Work task: Once the line holding "在插入菜单里,点击‘符号’--‘高级符号’。" is found in the entries below, transcribe exactly every line up to and including the one holding "Клейка двостороння стрічка", but leave out the pictures.

Dataset records:
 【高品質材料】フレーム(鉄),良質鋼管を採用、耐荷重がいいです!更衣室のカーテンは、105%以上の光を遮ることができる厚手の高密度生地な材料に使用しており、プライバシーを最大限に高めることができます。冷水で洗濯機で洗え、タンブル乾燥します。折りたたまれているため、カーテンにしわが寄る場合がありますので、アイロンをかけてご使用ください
--
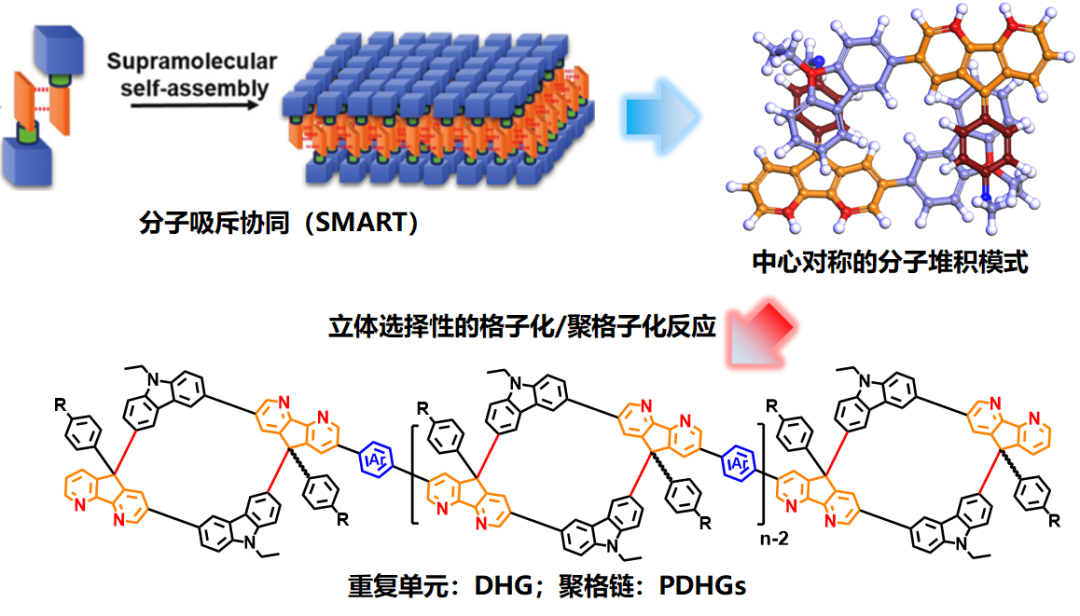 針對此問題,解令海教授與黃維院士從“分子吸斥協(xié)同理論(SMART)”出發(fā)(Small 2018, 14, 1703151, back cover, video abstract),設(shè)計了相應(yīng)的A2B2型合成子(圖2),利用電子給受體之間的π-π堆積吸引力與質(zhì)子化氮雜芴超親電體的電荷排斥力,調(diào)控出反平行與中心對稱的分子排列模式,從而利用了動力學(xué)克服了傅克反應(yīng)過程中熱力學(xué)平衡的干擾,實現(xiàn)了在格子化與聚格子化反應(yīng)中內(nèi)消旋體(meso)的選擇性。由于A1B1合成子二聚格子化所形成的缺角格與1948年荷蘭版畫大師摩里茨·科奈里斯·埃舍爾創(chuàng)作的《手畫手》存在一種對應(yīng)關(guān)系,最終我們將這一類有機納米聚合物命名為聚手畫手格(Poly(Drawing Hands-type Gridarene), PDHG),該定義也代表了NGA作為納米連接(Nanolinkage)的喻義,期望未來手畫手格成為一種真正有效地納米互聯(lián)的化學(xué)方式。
--
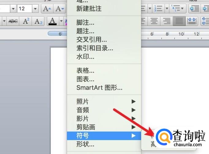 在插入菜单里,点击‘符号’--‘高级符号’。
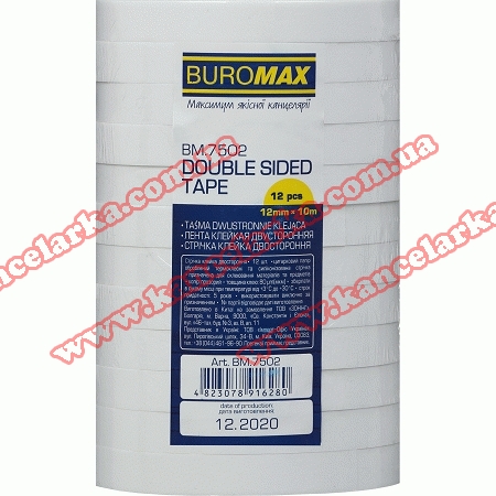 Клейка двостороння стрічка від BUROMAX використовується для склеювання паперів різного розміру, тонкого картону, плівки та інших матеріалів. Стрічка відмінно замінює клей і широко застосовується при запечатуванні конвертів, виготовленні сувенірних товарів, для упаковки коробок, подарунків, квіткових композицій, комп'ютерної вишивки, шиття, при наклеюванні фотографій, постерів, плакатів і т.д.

Answer to the problem:
 在插入菜单里,点击‘符号’--‘高级符号’。
 Клейка двостороння стрічка від BUROMAX використовується для склеювання паперів різного розміру, тонкого картону, плівки та інших матеріалів. Стрічка відмінно замінює клей і широко застосовується при запечатуванні конвертів, виготовленні сувенірних товарів, для упаковки коробок, подарунків, квіткових композицій, комп'ютерної вишивки, шиття, при наклеюванні фотографій, постерів, плакатів і т.д.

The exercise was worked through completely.